Inpatient detox is reserved for people at risk of severe withdrawal: those with a history of seizures or delirium tremens, heavy long-term use, multiple substance dependencies, or significant medical or psychiatric complications. These programs provide 24-hour monitoring with access to life support equipment if needed. In medical settings, providers use standardized scoring tools to assess withdrawal severity every few hours, tracking symptoms like tremor, sweating, agitation, and nausea on a numerical scale. A score above a certain threshold triggers medication to control symptoms and prevent complications.

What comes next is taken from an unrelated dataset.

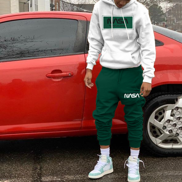 Nasa Print Hoodie Sweatpants Two Piece Set
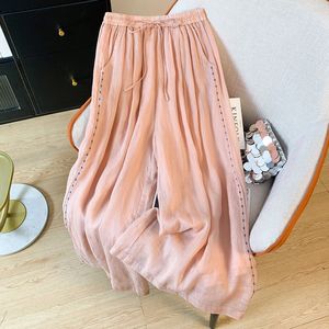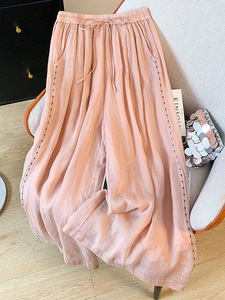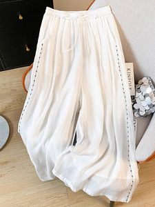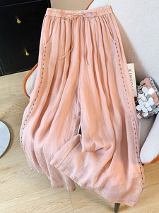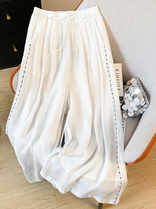 春夏新作女性用コットンリネンワイドレッグパンツ、ウエストゴム、ゆったり、大きいサイズ、肉感カバー、ドレープ感のある9点ワイドレッグカジュアルパンツ

For alcohol withdrawal, medications calm the overexcited nervous system and prevent seizures. For opioid withdrawal, medications like buprenorphine or methadone ease symptoms by partially activating the same receptors that opioids target, reducing cravings and preventing the worst of the physical withdrawal. These aren’t just detox aids. They can be continued as longer-term treatment for opioid use disorder.
Post-Acute Withdrawal: The Longer Road
Many people are surprised to learn that detox doesn’t end when the acute physical symptoms stop. A condition known as post-acute withdrawal syndrome, or PAWS, can develop in early abstinence and persist for 4 to 6 months or longer. The symptoms are subtler than acute withdrawal but no less disruptive: anxiety, low mood, inability to feel pleasure, sleep problems, difficulty concentrating, irritability, and cravings.
The research on PAWS is most detailed for alcohol. Cravings tend to be most intense in the first 3 weeks. About 20 percent of people in early recovery report anhedonia, a flattened ability to experience pleasure, which is most severe in the first 30 days. Sleep disturbances are especially stubborn. In one study, over half of people in early alcohol recovery experienced insomnia, and a third still had disrupted sleep nearly 6 months out. Cognitive effects like foggy thinking and poor concentration can linger for weeks to months, with some residual effects lasting up to a year.
The encouraging part is that these symptoms do improve with sustained abstinence. Most people see near-normalization within the first several months, though the full healing process, in terms of both symptom severity and daily functioning, can continue for years. Understanding that PAWS is a normal, expected part of recovery makes it easier to push through the periods when progress feels stalled.